Pe. Voltaggio: O fundo literário do Cântico deve
ser buscado nos cantos de amor egípcios e na poesia nupcial mesopotâmica nas
quais se exaltava a beleza dos noivos, chamados “rei” e “rainha”. Foram
percebidas também semelhanças entre o Cântico dos Cânticos e
um gênero poético árabe, chamado wasf, no qual descreve-se a beleza
dos noivos com a descrição poética de seus corpos. Todavia há novidades
decisivas no Cântico. Por exemplo, ao contrário dos cantos de amor egípcios que
se caracterizam por um monólogo dos protagonistas, o Cântico é um verdadeiro
diálogo entre o amado e a amada, com a intervenção de um coro. Portanto, a
revelação bíblica assume a humanidade – e também a literatura humana – mas a
transfigura, como é o caso, do Cântico que trata do amor humano como humano mas
que ao mesmo tempo o transfigura. Com relação à datação ainda há uma discussão
entre os estudiosos. Varia entre o século X e o século I A.C. A pesquisa
exegética atual é propensa a uma datação perto do final do domínio ptolemaico
na Palestina, ou seja, na primeira metade do século III A.C. Também é muito
interessante que o texto é atribuído a Salomão. Isso é de fundamental
importância para a interpretação do Cântico, porque Salomão significa Sábio por
excelência, e na tradição judaica e cristã é uma figura do Messias.

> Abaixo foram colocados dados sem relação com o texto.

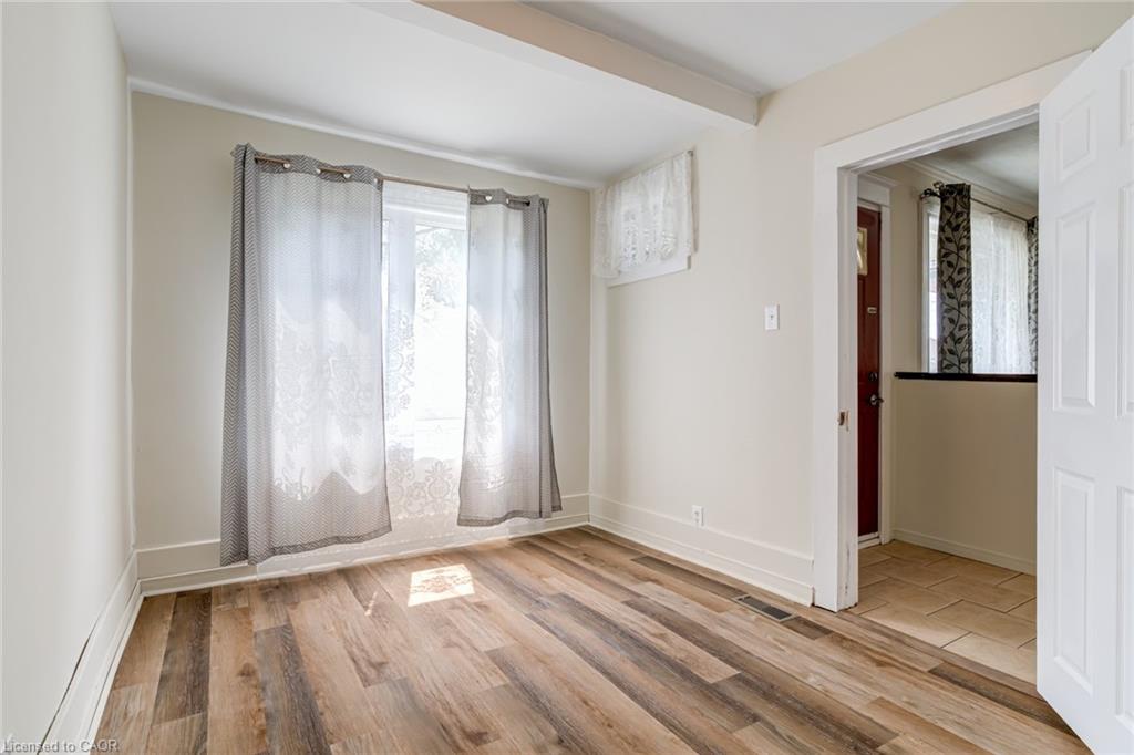 Spacious bungalow offering first-time buyers a fantastic opportunity to get into the market or convenient one-floor living for downsizers. Situated on a large 30 x 100 ft. property in the popular Crown Point neighbourhood only a short walk to schools, parks (Gage Park), as well as shopping, restaurant, and service amenities on Ottawa Street (two blocks) or at The Centre Mall. An open concept layout offers fresh paint, laminate flooring and plenty of natural light – a perfect space for entertaining. There are two bedrooms and a stylish updated 4-piece bathroom. The large eat-in kitchen has updated shaker style cabinetry, tiled flooring, and sliding patio doors out to a back deck overlooking the private fully fenced yard with mature trees and great space for relaxing and outdoor fun. A storage shed allows space for the lawn mower and all of the tools. There is a separate side entrance directly into the kitchen and also a separate back entrance down to the partially finished basement where there was previously a third bedroom and recreation space. Laundry is also located in the basement and there is plenty of storage space. A covered front porch is a wonderful area to enjoy a morning coffee or an evening breeze. The front of the property offers ample space to create a parking pad with plenty of on street parking available. This is an excellent opportunity to own a move-in ready home at an incredible value!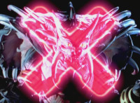 An energy clockface appears over Drakel, as Red holds his Delta Morpher forth, Drakel talking. The Morpher gains a red X, which appears over Drakel. The other four Rangers raise arms, Red pulls out the metal bone and tosses it skyward. |
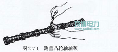 (1)測(cè)量凸輪軸軸徑,各機(jī)型凸輪軸徑規(guī)定值見(jiàn)表2-7-1。測(cè)量方法見(jiàn)圖2-7-1。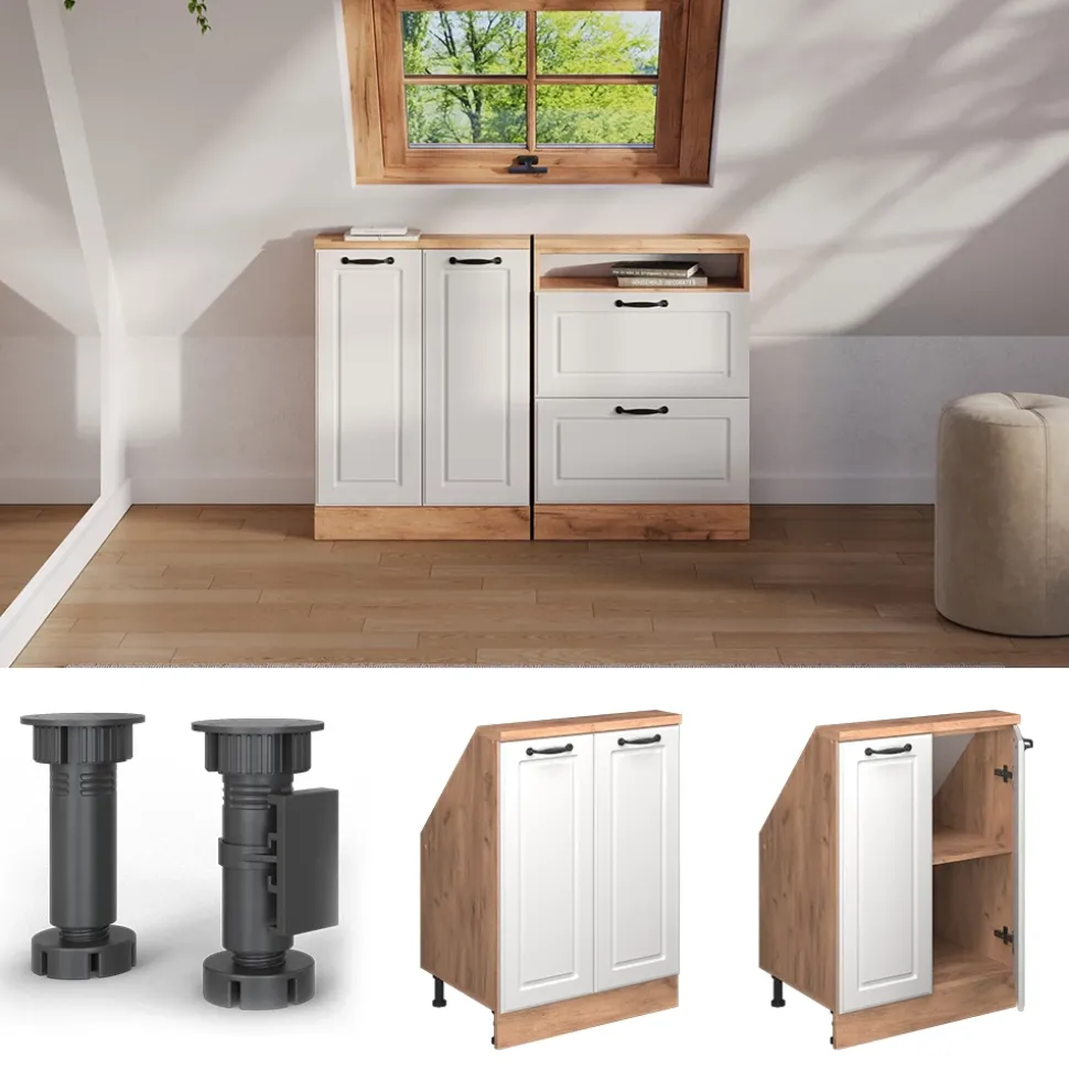 - Robuster Küchenschrank für Dachschrägen mit 2 Türen. Praktische Griffe und viel Stauraum machen ihn zu einer platzsparenden, langlebigen Lösung für Ihre Küche.

O Cântico dos Cânticos é fundamentalmente um canto de amor,
de paixão, mas não um amor efêmero: fala-se de um noivo e de uma noiva. E a
característica que talvez torne o amor tão sublime é justamente porque se trata
de um amor de eleição, de escolha, um amor que como diz o Cântico é “forte como
a morte”. Na sua opinião, há esta característica de amor de eleição que pesa
insistentemente no Cântico?
Pe. Voltaggio: Muito. O nome Cântico dos
Cânticos em hebraico tem um valor superlativo por isso pode ser
traduzido também como o “Cântico mais belo”, o “Cântico sublime”. O amor humano
é uma realidade sublime e profunda demais para ser descrita com palavras
humanas e por isso recorre-se à poesia. Portanto, saindo de todos os esquemas,
o amor situa-se no âmbito do estático, do sublime, do divino, ou seja o amor do
Cântico dos Cânticos não é somente de paixão ou de aprazimento, mas é feito de
relação e de distância, de proximidade e de afastamento, de palavras e de
silêncios, de vida e de morte, etc. Por exemplo, no amor entre os dois amados
do Cântico , há duas noites, momentos nos quais o amado e amada se perdem. Mas
o amor humano do Cântico é um amor forte como a morte, uma chama do Senhor.
Este versículo é o ápice do livro e em hebraico sente-se o som da letra shin que
se repete, do fogo, isto é o amor tem o “som” do fogo. Este é o único versículo
do Cântico onde de modo velado encontra-se o nome do Senhor. Trata-se de um
amor de eleição, que vem do próprio Deus que é – segundo o que diz a Escritura
– um fogo devorador e este amor humano entre os noivos é um reflexo do amor
apaixonado que Deus tem pela humanidade, porque Deus é o noivo e a humanidade é
a noiva, em uma leitura espiritual ou alegórica.